Just Saving Won’t Make You Rich
A lot of the “get rich” advice out there will tell you that saving money is the key to getting rich. And here at iMoney, we’ve never missed a chance to tell you about the advantages of saving money.
Here’s the thing, though: just saving won’t make you rich. If you think stashing away 20% of your pay every time in a savings account is the secret to wealth, you’ve never been more wrong.
Why saving won’t make you rich
- Savings accounts give you low yields. A starting savings account will give you only 0.25% interest per annum. So let’s say you’ve managed to put P50,000 in a savings account — you’ll only get P125 in interest. If you put all your eggs in one basket and let it languish in a low-earning savings account, your money won’t be working as hard for you as it should be. As a result, it will take longer for you to reach your savings goals, and you don’t make any financial progress.

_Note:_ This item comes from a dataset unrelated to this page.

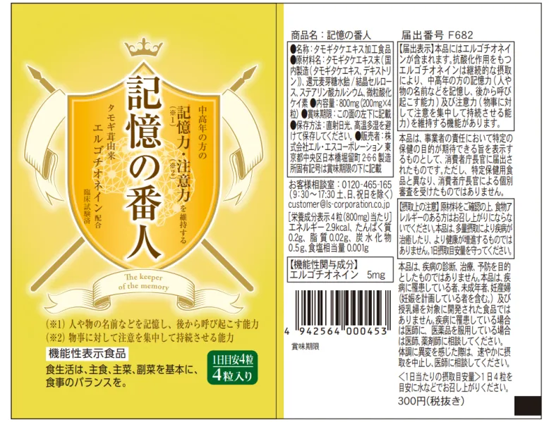 Japoniako LS Korporazioak abian jarritako ergotioneina osagarria adin ertaineko eta adineko pertsonen memoriaren gainbeherari aurre egiteko diseinatutako produktua da.

- Savings accounts don’t make enough to fight inflation. Do you know how much core inflation was in the Philippines in 2013? It was 2.7%. So if your savings account is giving you 0.25% yield, your P50,000 actually losing value over time. Only putting your money in savings means that your money isn’t protected from economic conditions. If your money isn’t growing at a rate that beats inflation, you’re going to lose money, and you’re not going to get rich.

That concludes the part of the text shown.